## WHAT THE EXERCISE ASKS:
Beginning with the opening line of the entries, return every line through the one containing "Компания АРХИТАЙЛ поставляет", both included, and nothing else. Omit pictures.

AVAILABLE DATA Start Marker

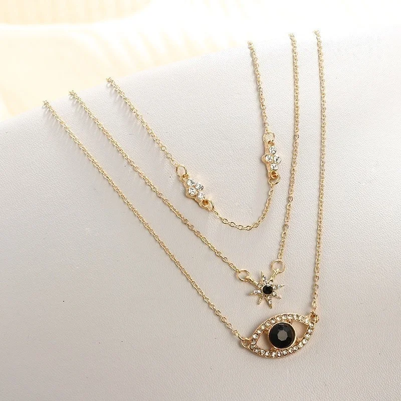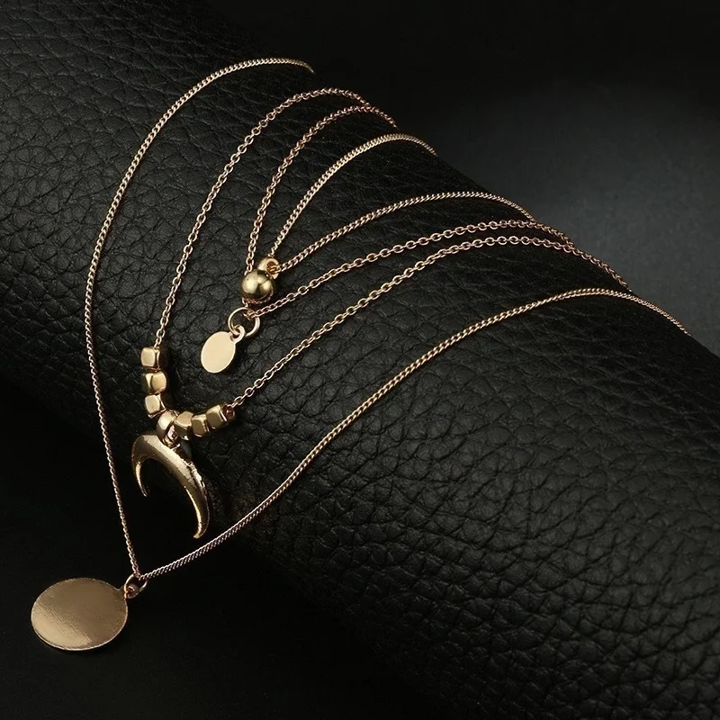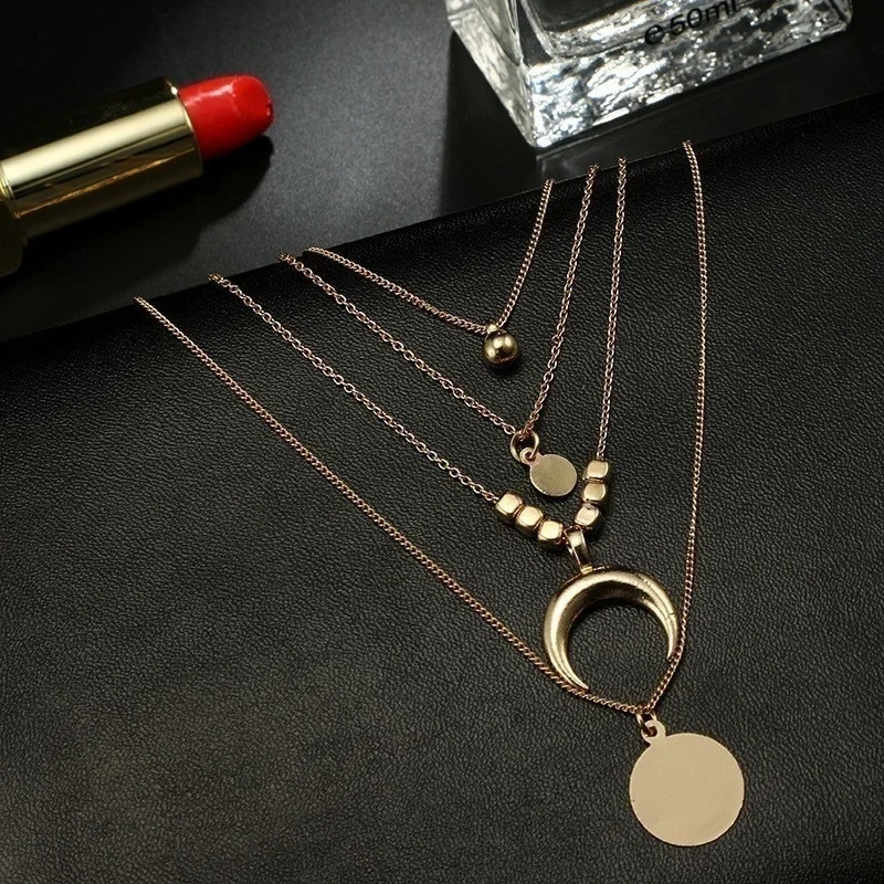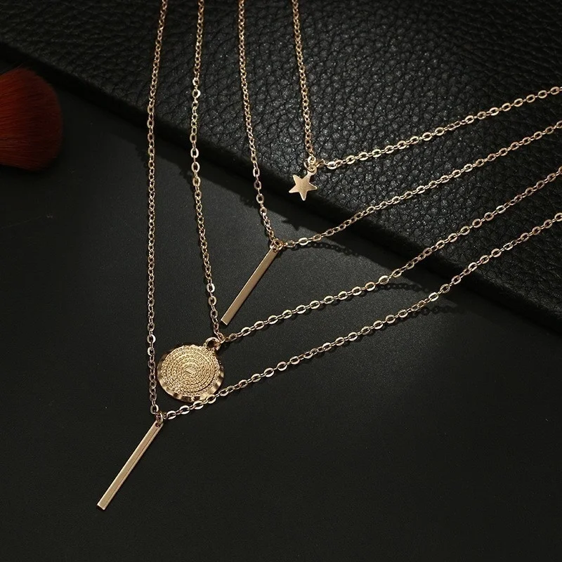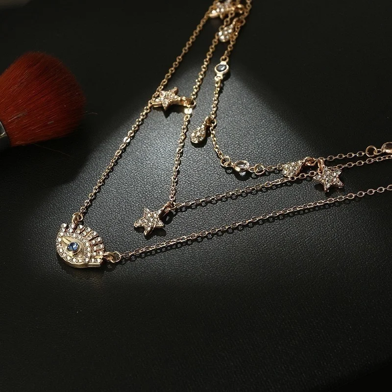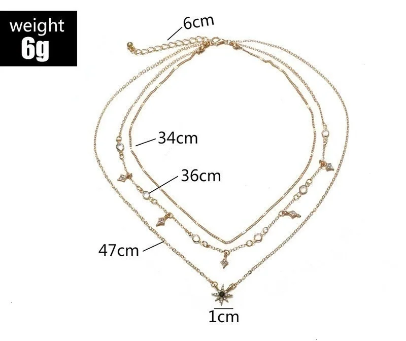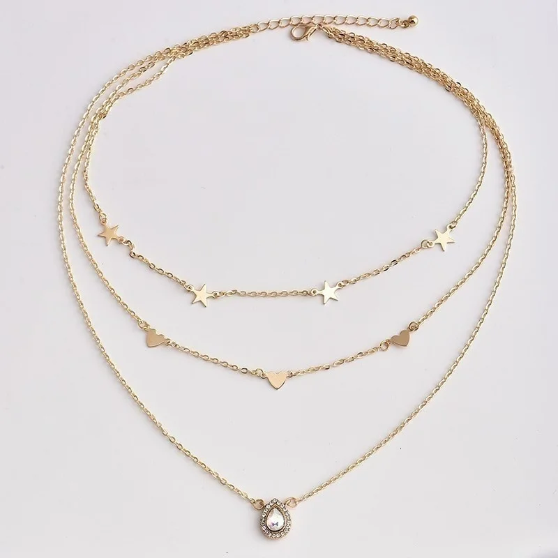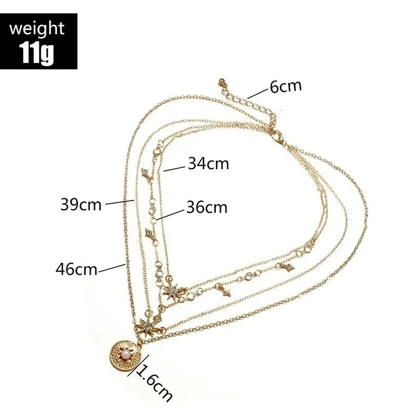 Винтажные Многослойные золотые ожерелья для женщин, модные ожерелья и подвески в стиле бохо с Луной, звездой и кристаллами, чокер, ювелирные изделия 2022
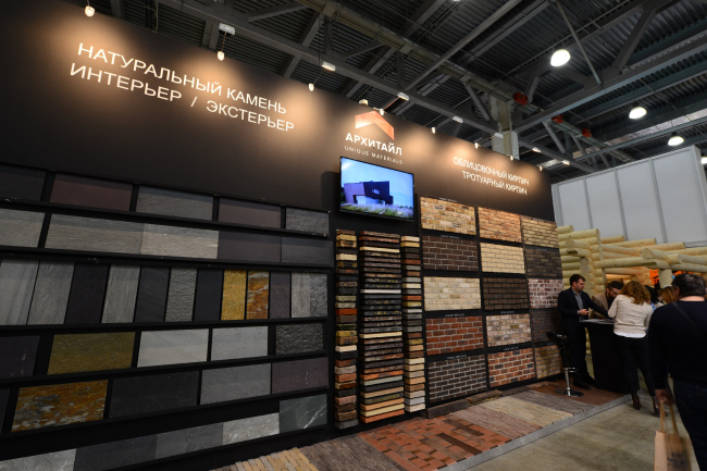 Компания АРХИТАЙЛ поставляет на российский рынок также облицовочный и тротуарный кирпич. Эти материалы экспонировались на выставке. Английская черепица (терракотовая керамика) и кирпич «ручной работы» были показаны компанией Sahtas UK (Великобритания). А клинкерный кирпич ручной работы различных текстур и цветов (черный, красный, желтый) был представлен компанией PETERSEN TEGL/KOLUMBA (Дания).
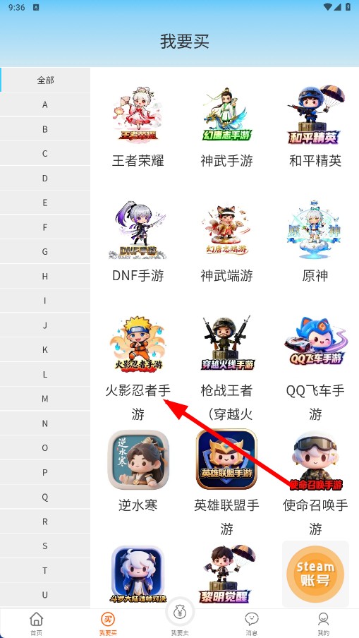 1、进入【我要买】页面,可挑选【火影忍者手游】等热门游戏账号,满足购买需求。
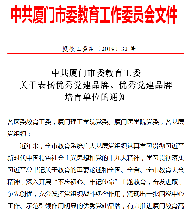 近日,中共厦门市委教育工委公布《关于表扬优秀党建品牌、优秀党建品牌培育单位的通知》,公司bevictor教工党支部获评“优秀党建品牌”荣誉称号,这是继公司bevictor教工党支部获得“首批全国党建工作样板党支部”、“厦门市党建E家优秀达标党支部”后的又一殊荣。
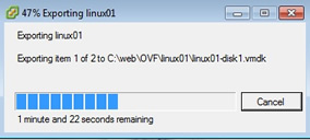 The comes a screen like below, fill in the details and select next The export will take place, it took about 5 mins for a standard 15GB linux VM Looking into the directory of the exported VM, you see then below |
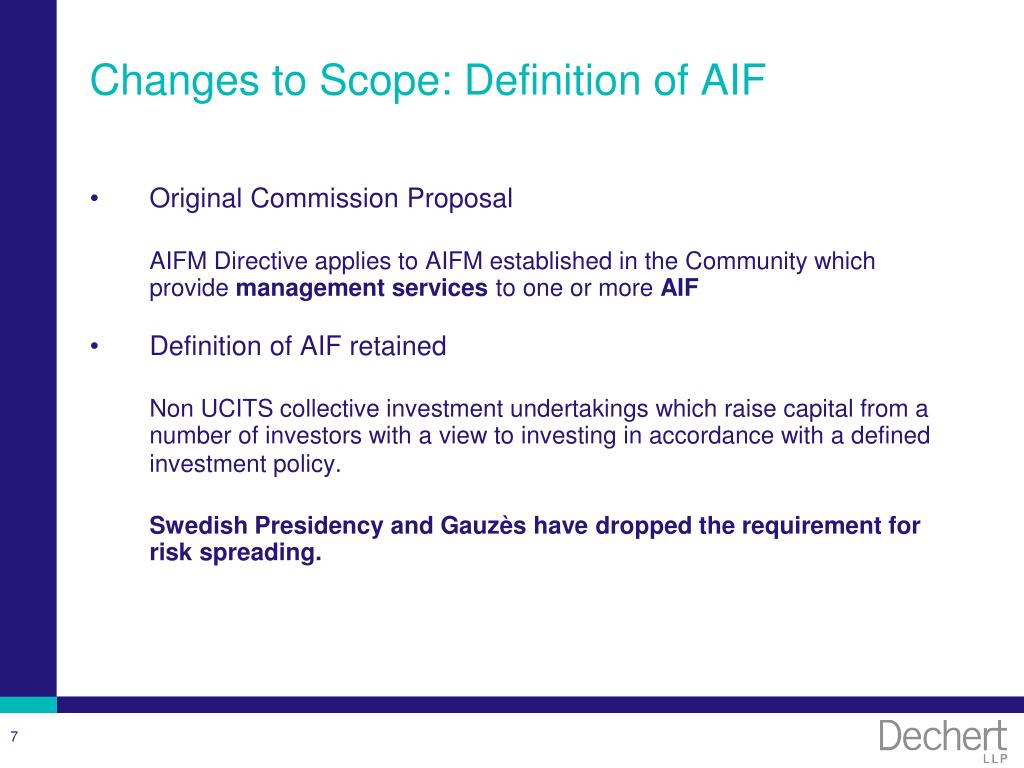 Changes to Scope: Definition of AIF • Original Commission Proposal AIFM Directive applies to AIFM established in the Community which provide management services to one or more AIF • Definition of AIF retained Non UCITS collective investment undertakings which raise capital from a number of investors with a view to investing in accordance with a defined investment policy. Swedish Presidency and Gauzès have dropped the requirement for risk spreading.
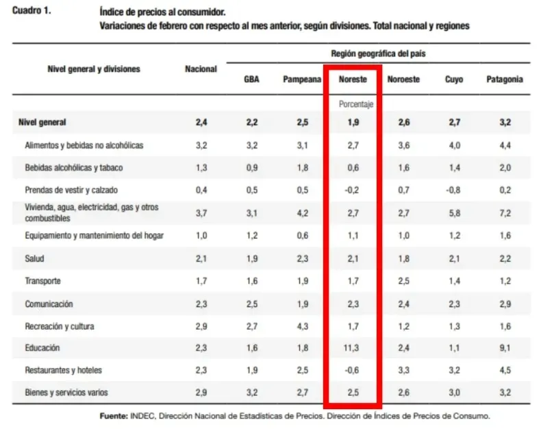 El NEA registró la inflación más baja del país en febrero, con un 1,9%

AVAILABLE DATA End Marker

## RESULT FOR THIS TASK:
 Винтажные Многослойные золотые ожерелья для женщин, модные ожерелья и подвески в стиле бохо с Луной, звездой и кристаллами, чокер, ювелирные изделия 2022
 Компания АРХИТАЙЛ поставляет на российский рынок также облицовочный и тротуарный кирпич. Эти материалы экспонировались на выставке. Английская черепица (терракотовая керамика) и кирпич «ручной работы» были показаны компанией Sahtas UK (Великобритания). А клинкерный кирпич ручной работы различных текстур и цветов (черный, красный, желтый) был представлен компанией PETERSEN TEGL/KOLUMBA (Дания).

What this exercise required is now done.